Researchers take aim at hackers trying to attack high-value AI modelsPosted on March 26, 2019
Driving Digital Innovation in AI is a series of stories about how Penn State’s Institute for CyberScience researchers are studying machine learning and artificial intelligence to make these technologies more useful and effective, as well as investigating the impact of AI on people and society.
Machine learning is powering some of the world economy’s most valuable systems, from helping select which students will attend prestigious universities to finding potential threats in a crowded soccer game. Because machine learning creates such valuable models, that also makes those models targets of hackers and malicious attackers, according to Patrick McDaniel, William L. Weiss Professor of Information and Communications Technology in the School of Electrical Engineering and Computer Science at Penn State and an Institute for CyberScience associate.
McDaniel and his team are not only studying how to make AI and machine-learning models more effective, they also are studying how to protect these increasingly valuable, but often not well-understood, burgeoning technologies. He said that while a considerable mystique has grown up around artificial intelligence and machine learning, the technology relies on common sense logic. It’s all about using probabilities to build models, according to McDaniel.
“Some people have the idea that machine learning is some sort of magic dust that you can sprinkle over anything to make that device or technology automatically learn, but machine learning is really a set of mathematical techniques that looks at examples of some phenomenon and then uses mathematical techniques to generalize,” said McDaniel.
As an example, he said a researcher could easily create a machine-learning model that determines which students are basketball players based on the students’ height.
“Let’s say you put that set of 30 students in your training data set and, then, you train a model, which is just a mathematical technique that looks at all those samples, and the model says, ‘if you’re above this height, then you play basketball,’ because taller kids tend to play basketball more than shorter kids,” said McDaniel.
The problem is that, in the real world, there are always exceptions to the rule. Those exceptions are one of the main vulnerabilities of machine-learning programs.
“If you’ve seen Spudd Webb, who is short, but is a great basketball player, you realize that the model we created to select basketball players is not a perfect model. And that’s the challenge of machine learning: most real-world phenomena are messy,” said McDaniel. “There’s really no easy way to know if someone plays basketball just by looking at their height.”

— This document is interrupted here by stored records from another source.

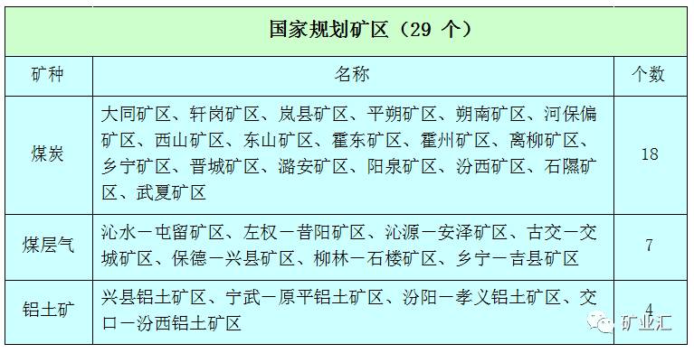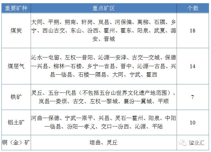 规划期间,全省共划定重点矿区51 个,其中煤炭18 个、煤层气14 个、铝土矿10 个、铁矿7 个、铜(金)矿2 个。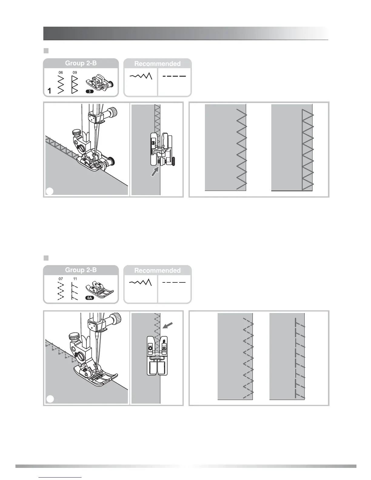1. Change the presser foot to the blindhem foot.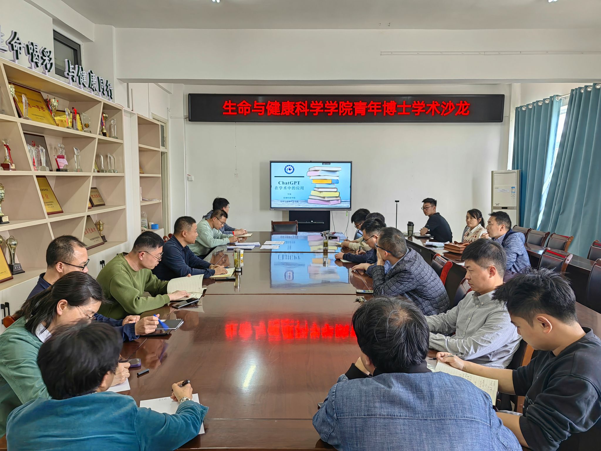 艾强、李先强、王锐三位博士结合研究方向分别进行了学术交流研讨报告。其中,艾强以《人工智能在学术中的应用》为题,着重介绍了ChatGPT的发展历程、应用范围以及具体使用方法,为教师开展学术研究提供了极大帮助;李先强以《中药“老药新用”高效增效肿瘤疫苗》为题,介绍了新型制剂技术提升中药在重大疾病上的应用,着重阐明外泌体作为免疫佐剂提高肿瘤疫苗的临床药效,为肿瘤药物研发提供了新思路;王锐以《中国近海浮游纤毛虫原生动物多样性研究》为题,介绍了纤毛虫的分布及种类,详细分享了其发现纤毛虫新属的科研经历,为生物多样性的探索与物种分类研究开辟了新视野。
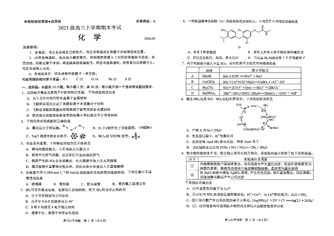 山东省日照市2023级高三年级上学期期末考试 化学.pdf
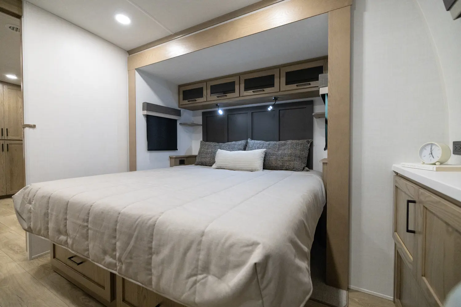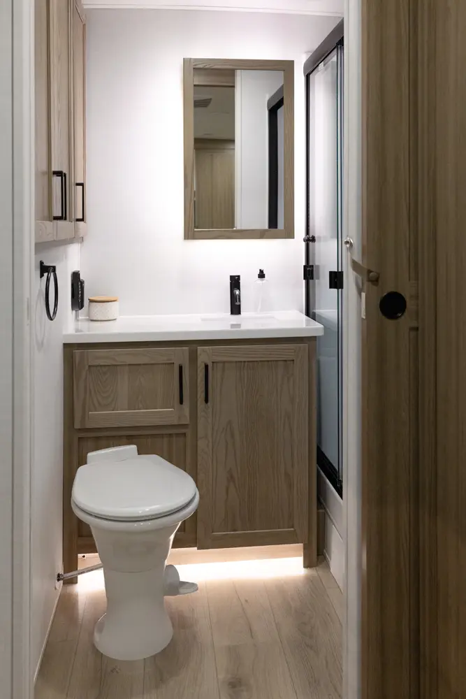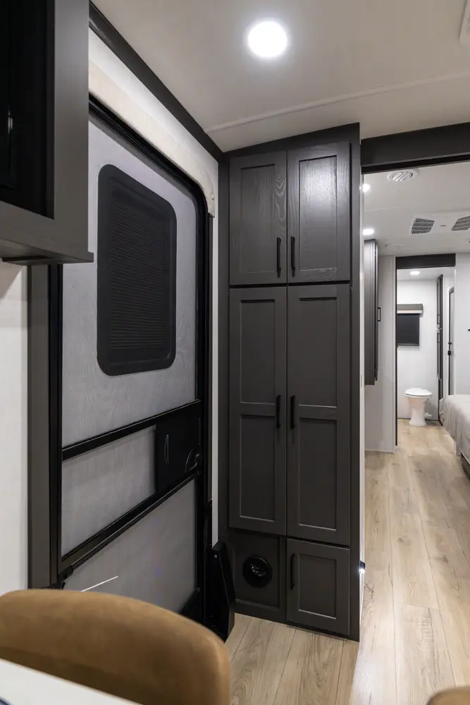 EXQUISITE, EXPANSIVE INTERIORS AS THE NORM. WELCOME TO THE SIGNATURE SERIES, REDEFINING THE CAMPING EXPERIENCE THROUGH AN ARRAY OF REMARKABLE FEATURES. With its inviting open floorplans and ample storage capacity, there's room for those cherished guests or family you wish to bring along. As you nestle into the embrace of a plush king or queen sized bed, the restlessness of your adventures fade away. Through its efficient layout and panoramic windows, the Signature travel trailers offer you an opportunity to luxuriate in your surroundings, all while enjoying the comfort of your serene interior.

High value = highly vulnerable
Because models can be inaccurate, hackers can use that as a possible attack route on machine-learning models.
“If I’m a hacker, I can produce a sample that I know your model is wrong about,” said McDaniel. “And what’s even worse — if I have the ability to modify a sample, let’s say an image of a puppy, and I know how your model is designed, I can just tweak little pieces of that image, so that, even though you and I would recognize that the image is a picture of a puppy, when the image is fed to your machine-learning program, it would say it’s a kitten.”
Of course, developers are using machine learning for more than just to pick basketball teams and choose between puppy and kitten pictures, McDaniel said. Businesses and organizations are using machine-learning models in processes ranging from helping soldiers guide military weapon systems to working with economists to monitor markets.
It’s that value that makes machine-learning models so attractive to hackers, according to McDaniel. Hackers could change those models slightly to steal, gain advantages, or just otherwise create mayhem.
“One thing we learned about security is that anything that has value is going to be attacked,” said McDaniel. “So, as we continue to deploy machine learning, we’re going to find that hackers are going to target not only the systems — in the traditional hacking into people’s computers sense — but they’re going to attack the models.”
McDaniel’s research team is working on technical counter-measures for these attacks.
Ryan Sheatsley, a doctoral candidate in information sciences and technology, who works with McDaniel, said that the group has noticed a “cat and mouse game” develop in the machine-learning space over the past couple of years. Hackers find ways to manipulate machine-learning models and organizations try to defend against those attacks.
According to Sheatsley, all of these defenses have ultimately failed. Taking a page from other cybersecurity measures, the team is building a type of defense that might help trap hackers who are probing for vulnerabilities in machine-learning programs.
“Instead of trying to prevent people from hacking into the system, our question was: What if we can make them hack into the system in a predictable way — a way that we can measure and observe?” said Sheatsley. “In traditional computer science and security we call this a honeypot. Defenders purposefully puts out this vulnerable system and the attacker attacks the system in a way that’s predictable that we can measure.”
By making tweaks to the model, the researchers can add an artifact — similar to a watermark on a picture — in the model that hackers would be tempted to change. If they do, the researchers know that the model has been manipulated and could take actions to counter the hack.
McDaniel and his students expect these cat-and-mouse games between hackers and machine-learning model defenders to continue. Just recently, McDaniel received a $9.98 million grant from the National Science Foundation’s Secure and Trustworthy Cyberspace program to establish and lead the Center for Trustworthy Machine Learning. The grant will allow members of the multi-institution, multidisciplinary center to develop a rigorous understanding of the types of security risks involved in machine learning and to devise the tools, metrics and methods to manage and mitigate those vulnerabilities.